* **Directions for this task**
Within the listing below, give again exactly the lines between the one containing "3. 挂机玩法轻松,可尽情在海底叉鱼。" and the one containing "Este não é apenas", inclusive, pictures left aside.

──────────────────────────────

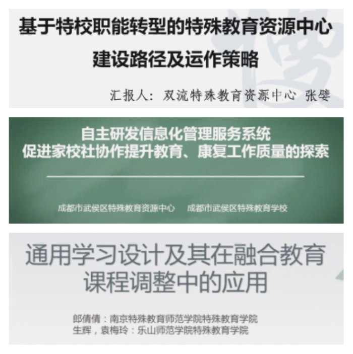 本次年会开展了优秀论文评选活动,在收到的省内外特教同行132篇论文中,评选出了一等奖15 篇、二等奖30 篇、三等奖40篇,同时邀请获一等奖的5名代表进行年会优秀论文分享。来自成都、南京、广元、宜宾的5位作者分别从特殊教育信息化建设、融合教育背景下特校职能转型与普校教学改革、区县特教资源中心建设、特校融合教育课程调整、特殊幼儿教育模式改革等方面分享了自己的研究成果和心得体会。
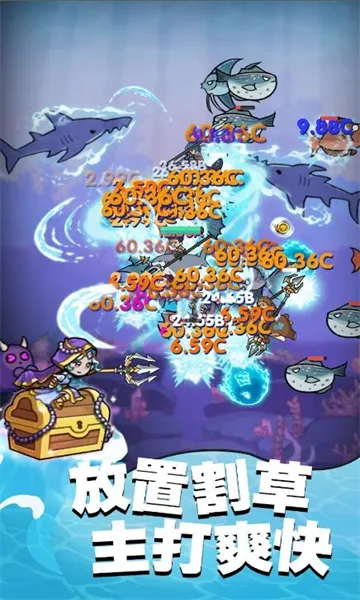 3. 挂机玩法轻松,可尽情在海底叉鱼。
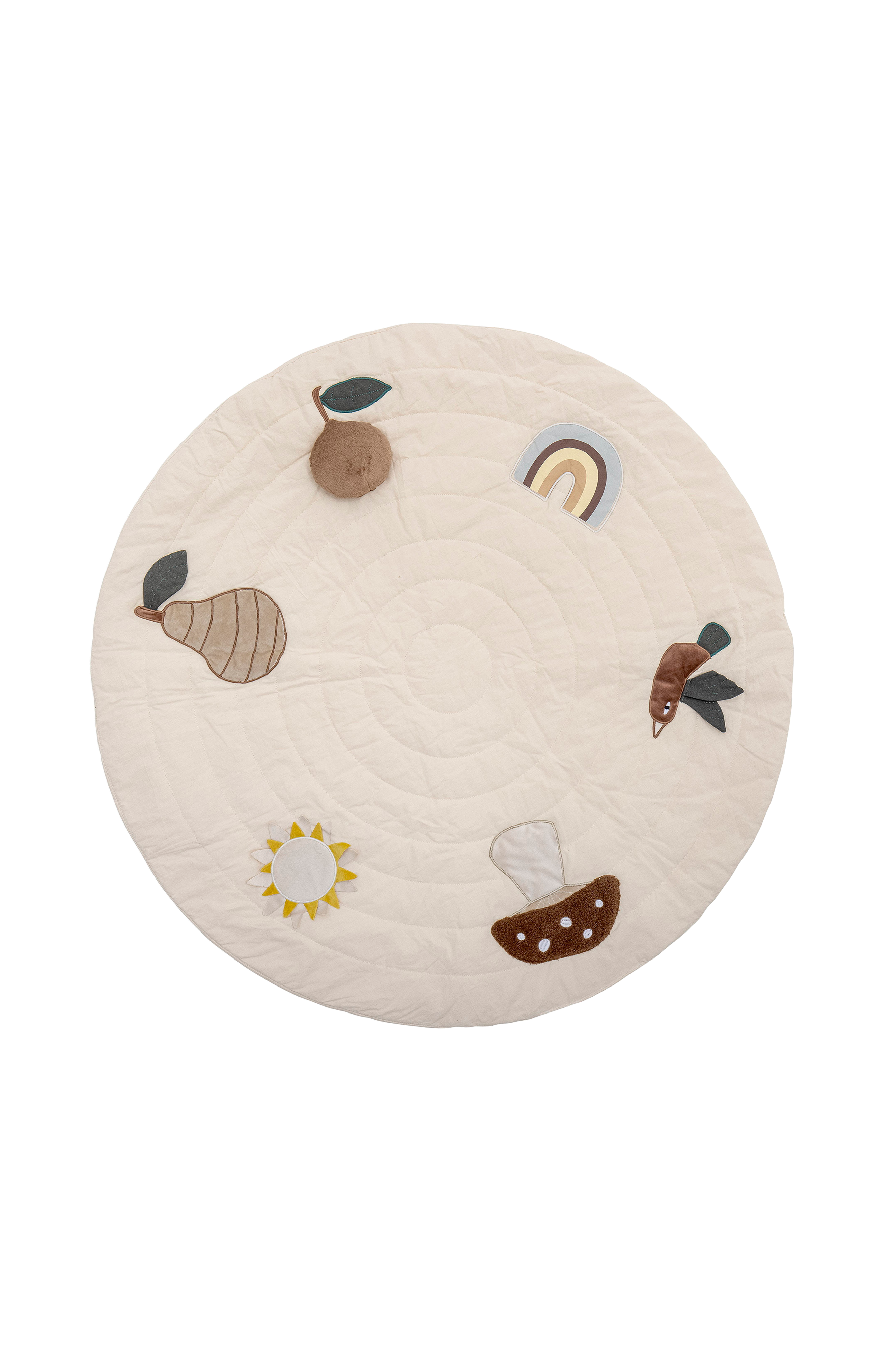 Bloomingville MINI Agnes on pieni leikkimatto, jonka suloiset hahmot kannustavat lasta liikkumaan ja tutkimaan. Appelsiini ääntelee painettaessa ja päärynän lehdet kahisevat kosketettaessa. Matossa on monta pehmeää pintaa, joita lapsen on ihana koskettaa. Matossa on utuiset värit, jotka sopivat kodin kaikkiin huoneisiin. Leikkimatto on myös täydellinen lahja uusille vanhemmille. Halkaisija 100 cm.
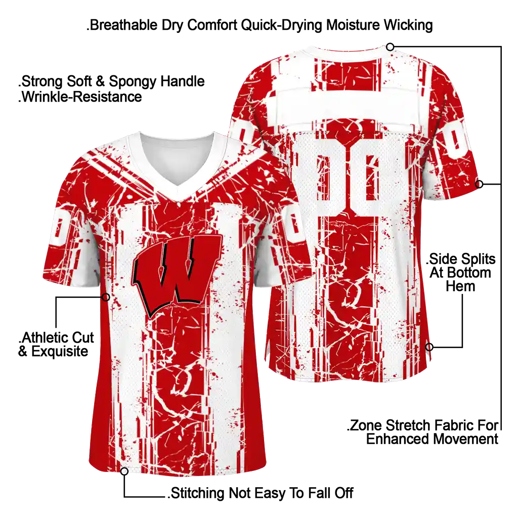 Wisconsin Badgers Jersey – Personalized Rugged Stripes Red
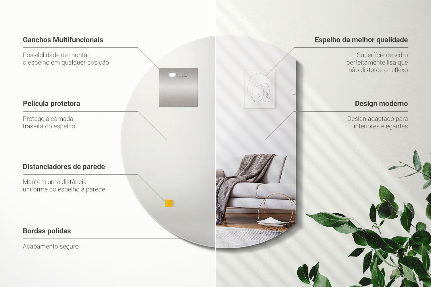 Este não é apenas um espelho para a parede; é um investimento em design. Cada detalhe foi pensado para quem valoriza a originalidade e procura elementos que contem uma história. A sua simplicidade é a sua força, permitindo-lhe ser o protagonista num ambiente minimalista ou complementar harmoniosamente uma decoração mais complexa.
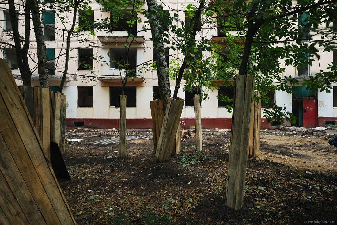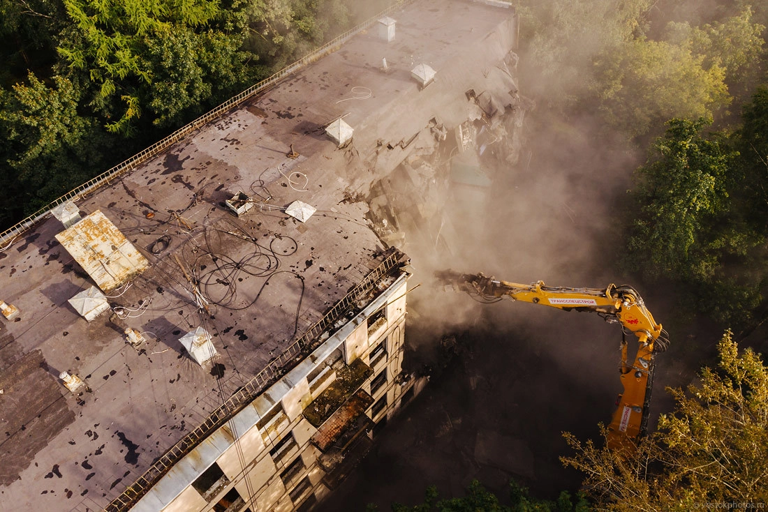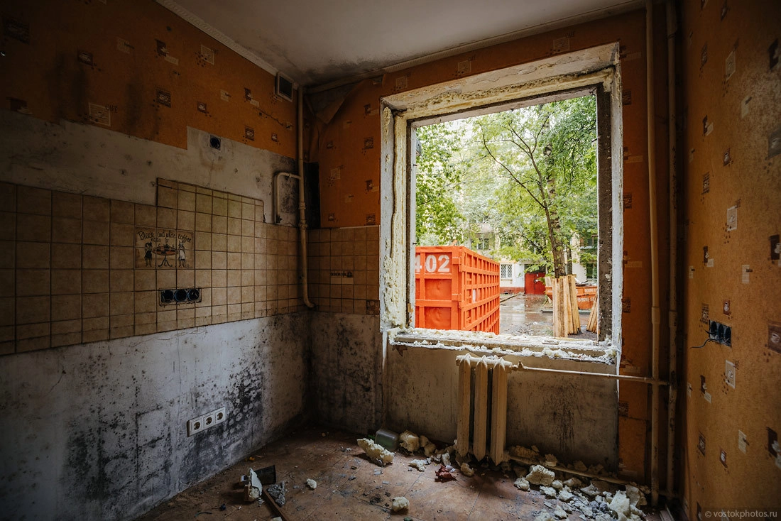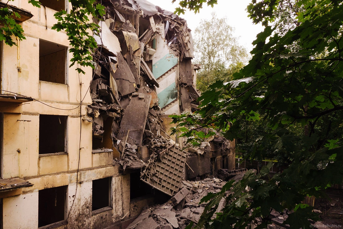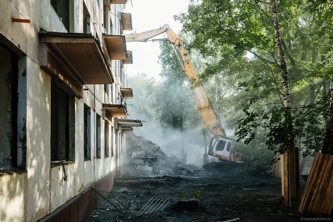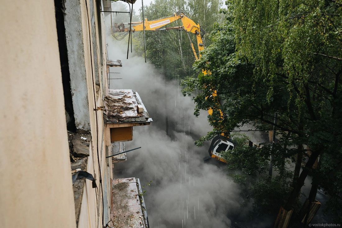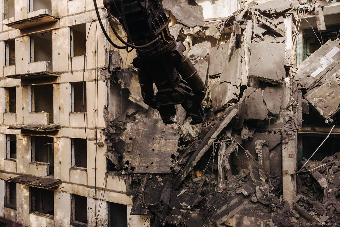 Все показательно красиво. Перед тем как снести жилой дом, его разбирают на комплектующие, оставляя лишь голые стены. Выносят стеклопакеты, весь возможный металл (решетки, двери, ванные

──────────────────────────────

* **Output for this exercise**
 3. 挂机玩法轻松,可尽情在海底叉鱼。
 Bloomingville MINI Agnes on pieni leikkimatto, jonka suloiset hahmot kannustavat lasta liikkumaan ja tutkimaan. Appelsiini ääntelee painettaessa ja päärynän lehdet kahisevat kosketettaessa. Matossa on monta pehmeää pintaa, joita lapsen on ihana koskettaa. Matossa on utuiset värit, jotka sopivat kodin kaikkiin huoneisiin. Leikkimatto on myös täydellinen lahja uusille vanhemmille. Halkaisija 100 cm.
 Wisconsin Badgers Jersey – Personalized Rugged Stripes Red
 Este não é apenas um espelho para a parede; é um investimento em design. Cada detalhe foi pensado para quem valoriza a originalidade e procura elementos que contem uma história. A sua simplicidade é a sua força, permitindo-lhe ser o protagonista num ambiente minimalista ou complementar harmoniosamente uma decoração mais complexa.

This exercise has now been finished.